Sizing of Fenestrated Endografts





Konstantinos P. Donas
Martin Austermann

Preoperative drawing of the aneurysm’s anatomic characteristics, with a focus on access and the neck, is our standard approach in endovascular aneurysm repair (EVAR), based on the Osirix planning program. Presents a sketch based on analysis of the patient’s vascular anatomy and characteristics, which is always done by the operator.


For the planning of fenestrated endografts, a 1-mm-thick, multislice computed tomography (CT) scan and modern software with the option of centerline reconstruction are necessary. Creation and correction of the centerline with the “racing line“ enables the operator to visualize how the endograft will align in the aorta after the deployment ( Fig. 9.1 ). Using the stretched reconstruction, the distances between the visceral arteries and renal arteries can be exactly measured, and the clock position of the target vessels can be determined accurately.




FIG. 9.1


The “racing line” shows how the endograft will align in the aorta after device deployment.

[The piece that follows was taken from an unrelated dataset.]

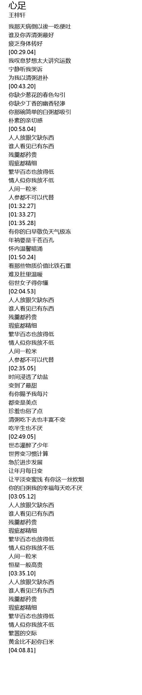 | [03:03.81] | 你的白粥我的幸福每天吃不厌 |

The next step is the selection of a fenestrated or branched endograft. In juxtarenal aneurysms with an inner aortic diameter of 30 mm at the level of the visceral and renal arteries, a fenestrated stent-graft is preferred. The goal is to achieve contact of the device with the aortic wall at the level of the fenestrations, to reduce the risk of endoleaks.


Challenging anatomies with kinking of the aorta at the level of the fenestrations are outside the instructions for use and make the planning demanding. Imaging demonstrates whether the anatomy is suitable for fenestrated endovascular repair ( Fig. 9.2 ).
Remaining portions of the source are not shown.